Shared Success: The Formula for Successful Book Fairs

By Lynn Reynolds, Librarian at Coles Ferry Elementary School in Lebanon, TN

Lynn Reynolds After three years of coordinating her school Book Fairs, Lynn shares her formula for success: organization, pre-promotion and enthusiastic volunteers.

Organize, Organize, Organize
“Before my Reading Rain Forest Book Fair last fall, I evaluated the things I thought worked well and those that didn’t work so well during previous Fairs – I tried to address every detail in advance. My August Book Fair is one of the earliest of the season, so I started gearing up over the summer.”

“During the first week of school, I recruited a team of gung-ho parent volunteers, who proved to be instrumental in our success. Because it was the beginning of the school season, all the parents were fresh and eager to be involved. By having the Fair early, I ensure my school event is one they’ll sign up for.”

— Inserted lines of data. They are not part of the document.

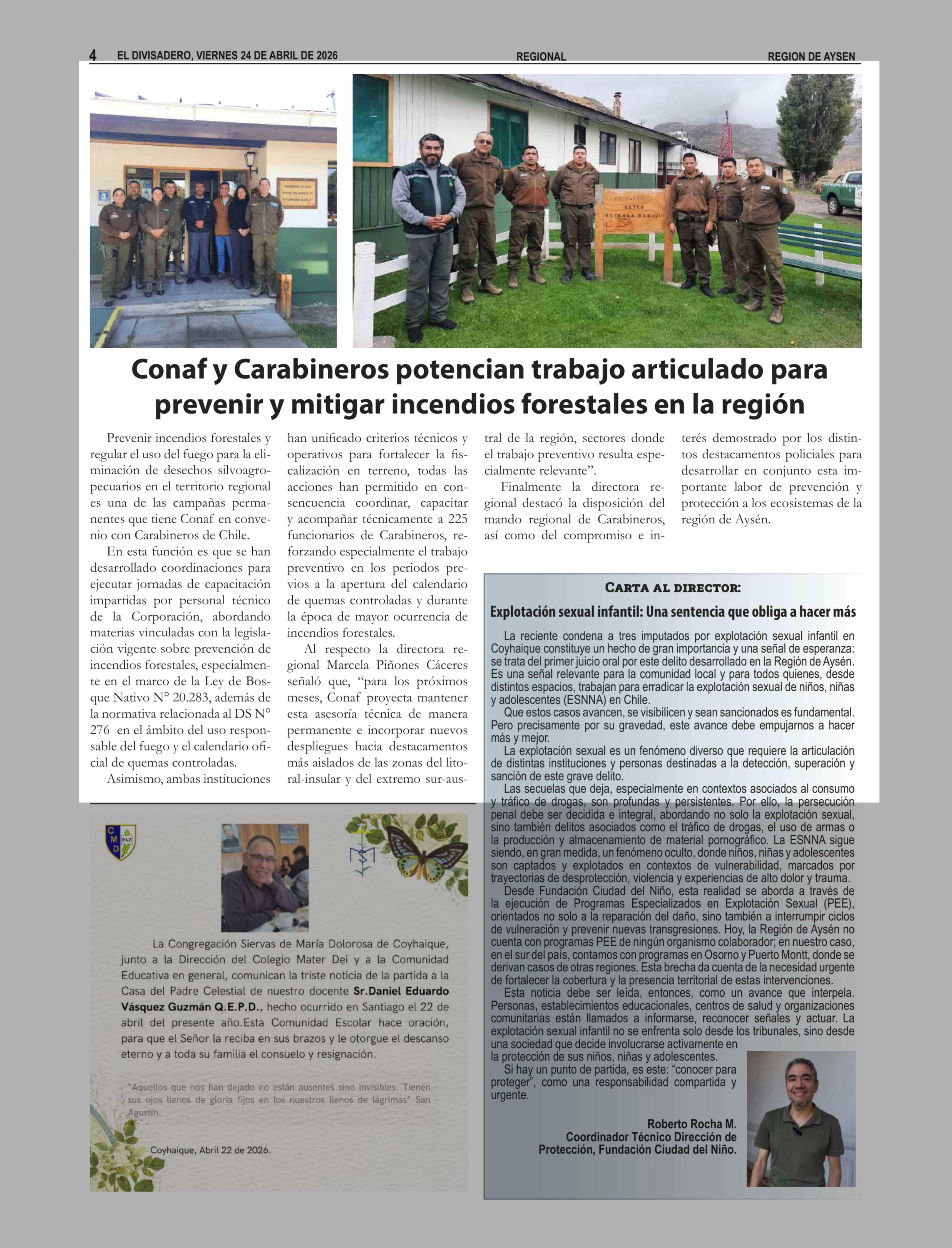 Fecha: 24-04-2026 Sector: Noticia general Región: Región Aysén del General Carlos Ibáñez del Campo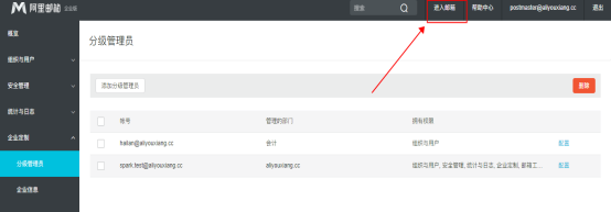5. 注意事项:被设置为分级管理员后,用户登录网页端会先登入管理员后台界面。需要使用用户界面收发邮件可以点击右上角<进入邮箱>按键.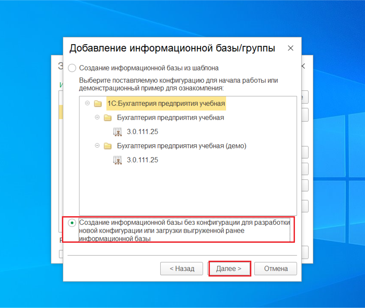 Программа предложит создать базу по шаблону «Бухгалтерия предприятия», но мы выбираем Создание информационной базы без конфигурации и нажимаем кнопку Далее.
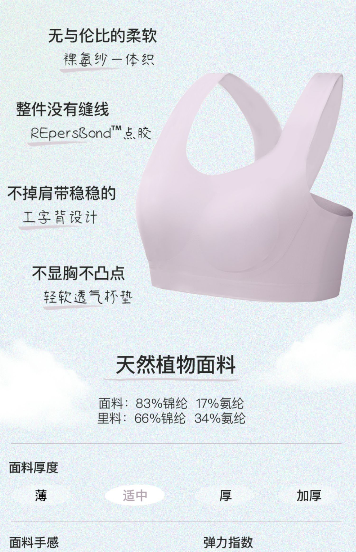 【低至6折】likeuu少女发育期自适应超柔裸氨纱无痕一体织文胸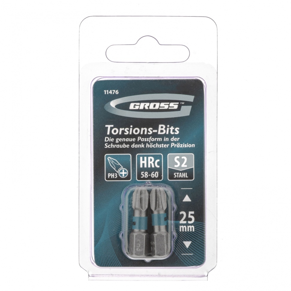 Набор бит торсионных PH3х25 мм, для ударн.шуроповертов 2шт Gross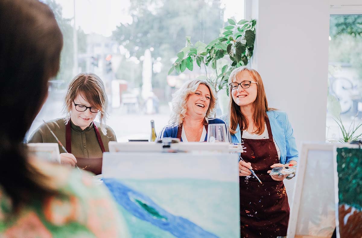 - Weinprobe mit kreativem Malkurs mit Acrylfarben und Strukturpaste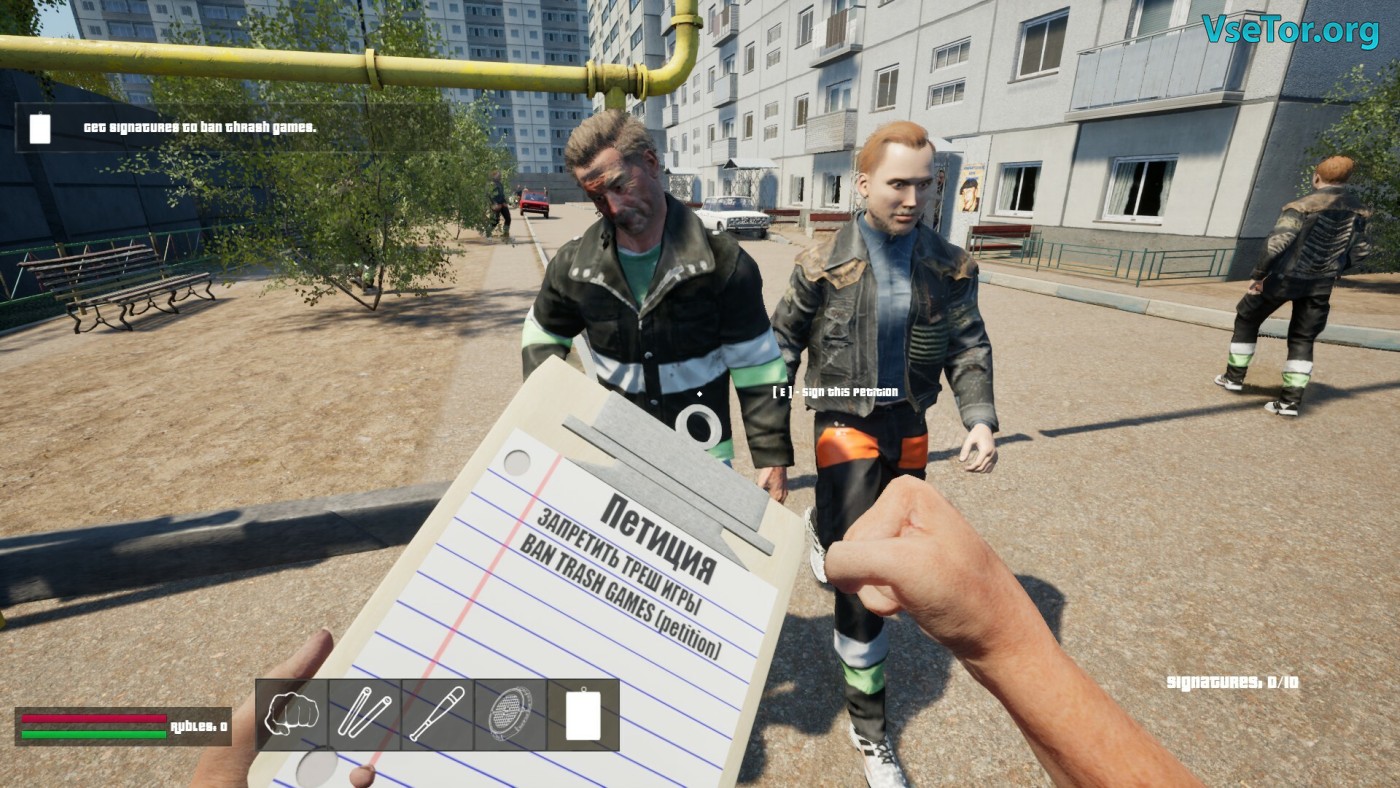 Skoof Simulator (Симулятор Скуфа) — это ироничный взгляд на жизнь простого рабочего парня, где обыденность превращается в череду абсурдных и смешных ситуаций. Вы играете за Скуфа — любителя диванного отдыха и танчиков, которого судьба внезапно вытаскивает из зоны комфорта. То придётся отрабатывать смену на заводе, ставя носки в угол между делом, то участвовать в эпичных разборках с гопниками у гаражей.

“Our decorating committee – three dedicated women – also started planning during the summer break, brainstorming ideas for decorations to complement our Fair’s theme. I tell them what I have in mind, and they always amaze me with their creativity. I think they’ll never outdo themselves, but every year they take it to the next level. Their decorations are always phenomenal.”

Promotion is the Key
Reynolds was able to generate enthusiasm and a large turnout through a series of promotions, including Booktalks, intercom announcements, notes to parents, and costume character appearances. Students also wore sandwich boards advertising the event.

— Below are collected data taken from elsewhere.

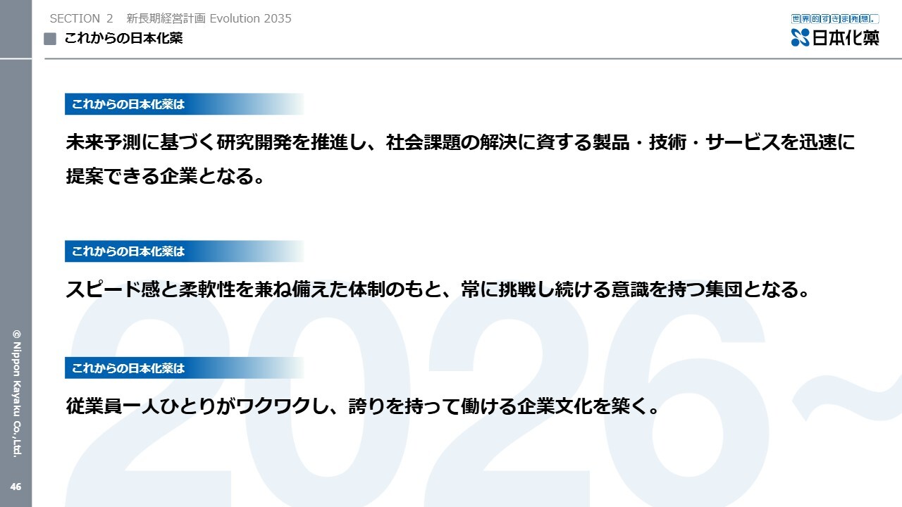 本日は多くのご質問をいただきましたが、十分ご満足いただけるお答えができなかった部分もあったかと思います。今後、「新生」日本化薬が2026年から2035年に向けて、これまでとは異なる日本化薬をお見せできるよう取り組んでいきます。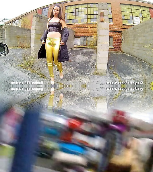 Diminutive street escort in shining pants deep-throats off stranger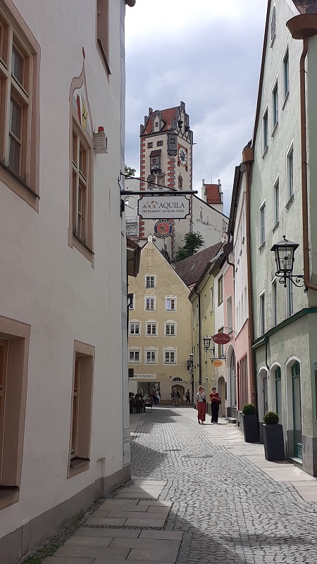 Nach nur zehn Minuten Bahnfahrt war ich in Füssen. Schließlich liegt die letzte Station, der Bahnhof Weizern-Hopfenau, geradezu vor den Toren der Stadt. Angekommen geht es für mich erstmal ein paar Schritte durch die Altstadt. Über die Bahnhofsstraße komme ich zum Prinzregentenplatz und von dort in die Fußgängerzone, die in Füssen passender Weise die Bezeichnung „Reichenstraße“ trägt!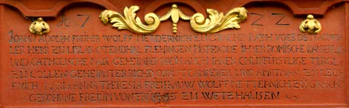 Der Besitz Flehingen wurde den Wolff-Metternich zur Gracht nach dem Aussterben der Herren von Flehingen 1638 von Kurfürst Maximilian von Bayern verliehen. Das Wappen ist auf 1722 datiert, also noch im Zustand des Reichsfreiherrenstandes. Es handelt sich aber schon um den Johann Adolf Wolff-Metternich zur Gracht, kurkölnischer Geheimrat, Reichshofrat und Landhofmeister, der ein wenig später den Grafenstand erlangte.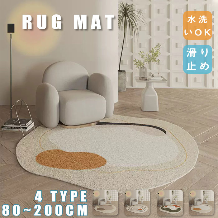 ラグマット ラグ 洗える ラグカーペット カーペット 異形 特殊形状 不規則 絨毯 かわいい シンプル 大きめ 大判 長方形 四角 滑り止めマット リビング 室内 インテリア フロアマット

Booktalks were a big part of the promotion. Reynolds asked her Scholastic sales consultant to forward a few titles– at least one from each grade level – prior to the start of classes.

“I read the books, talk about them, and tell students the same titles will be available at the next Book Fair. I’ve found that if you talk about the books, kids will want to buy them.”

On the Book Fair’s opening day, usually the Friday preceding the Fair, the school hosts an assembly, featuring a promotional skit performed by Reynolds, parent volunteers, and students. The assembly also features a Scholastic costume character, and the kids themselves often wear costumes.

“This year, one of my students dressed up like Junie B. Jones to promote the title of that book. She really stole the show,” said Reynolds.

A Book for Every Student
Parent volunteers worked hard to line up sponsors for the Fair. The fund-raising effort drew enough donations to ensure that every student received a book. At the close of the fair, a parent volunteer took a group photo of the kids, holding their books, and the photo was sent along with a note to the Fair’s sponsors, thanking them for their support. A reporter from the local newspaper usually attends the event.

Reynolds emphasized the importance of planning and outside support.

“The difference between a successful Fair and an unsuccessful one comes down to four elements – organization, promotion, community support and volunteers. You need to focus on all four to make your Fair a success.”